Control of crossover number:
Several years ago, it seems like a lifetime, I undertook to model outbreeding depression with a computer program.  I had been exposed to the language Basic, and supposed that was the way to go.  We had been taught to lay out the logic in a diagram with arrows, squares, diamonds and so forth.  I more or less laid it out in my mind and then went to buy one of the little plastic things you used to trace out the symbols. 

I searched the shelf but could not find the familiar tool.  So I asked the fellow behind the counter.  He had no idea what I was talking about.  Times had changed.  I keep having to remind myself that the past was never constant.  Things were changing as fast way back when as they are now. 

So I asked around and was told that C++ was the best program for number crunching.  The rest would be history some day if we were going to have a history.  Never mind.  I had to teach myself the new way to lay out the logic.  Can’t say it was easy. 

So I cudgeled my brains.  The big break through was when, yes, I could actually create a virtual population with virtual genes and follow it over time.  Then I started fooling around with mutations and fertility.  I suppose I made every mistake that was possible, including bad logical assumptions, bad spellings, typos and simply getting lost.  At its height the monster was working in more than two dozen dimensions and was about twelve ply.  That means there would be a logical circuit containing a logical circuit that contained … you get the picture.

Lucky old Einstein.  He only had thirteen dimensions and they were all the same kind of animal.  These were pretty much all different.  And while relativity is laid out in equations that are the same every time, these were generally probability distributions that had to be run instance by instance and no two runs were alike. 

All right.  I managed to simplify it.  I began to get answers. 

“Right,” I said, “Now we shall run a number of populations and see that the smaller population is more fertile.” 

“Wrong,” said the computer.  “The larger is more fertile.”  I heaved and hoed and tried everything I could think of.  In the end it was a typo that worked.  I hadn’t even thought that was a plausible direction. 

But I had evidence that could not be denied, and if there is an effect then there must be a cause.

I should have written down the psychosomatic symptoms I ran through.  Couldn’t sleep.  Couldn’t wake up.  Couldn’t eat.  Always hungry.  The flesh crawlies.  The horrors.  Nightmares.  Dry heaves.  Nosebleeds.  I think I burned out a half dozen computers; in those days they weren’t designed to be hammered on the way I was doing. 

Year after year the computer said, “You’re wrong you’re wrong you’re wrong you’re wrong just like everybody says.” 

In the middle of all that I got the notion that the secret might be in recombination.  Usually when a cell divides each daughter cell gets a copy of every chromosome the parent cell has.  But when the result is to be an egg or sperm there are two replications without making any more chromosomes so that each daughter egg or sperm gets a half set.  Mostly the chromosomes occur in pairs and during meiosis homologous chromosomes twist around each other and sometimes break and rejoin, so that aaaaaaaaaa and bbbbbbbbbb become aaaabbbbbb bbbbaaaaaa so to speak.  This is crossing over.  The fact that some of the a’s are now on the same chromosome as some of the b’s is called recombination. 

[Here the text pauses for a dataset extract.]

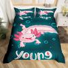 Comforter Cartoon Pink Axolotl Floral King Queen Kawaii Salamander Bedding Set 3D Animal Polyester Comforter

So I built in the ability to have crossing over.  I could control the rate at which it occurred.  It only made matters worse.  The more crossing over I called for the greater the advantage of the large population over the smaller one.  When I finally got the rough number of crossing over events that occurred it became obvious that my little desktop bit cruncher could not possibly handle it so I dropped it. 

But I did get firmly in mind that there is indeed an effect of crossing over rate and fertility.  And now there is an article (Simona Rosu et al. Robust Crossover Assurance and Regulated Interhomolog Access Maintain Meiotic Crossover Number SCIENCE vol. 334 no. 6060 December 2, 2011 page 1286) that tells us yes indeed the rate must be important because it is tightly regulated.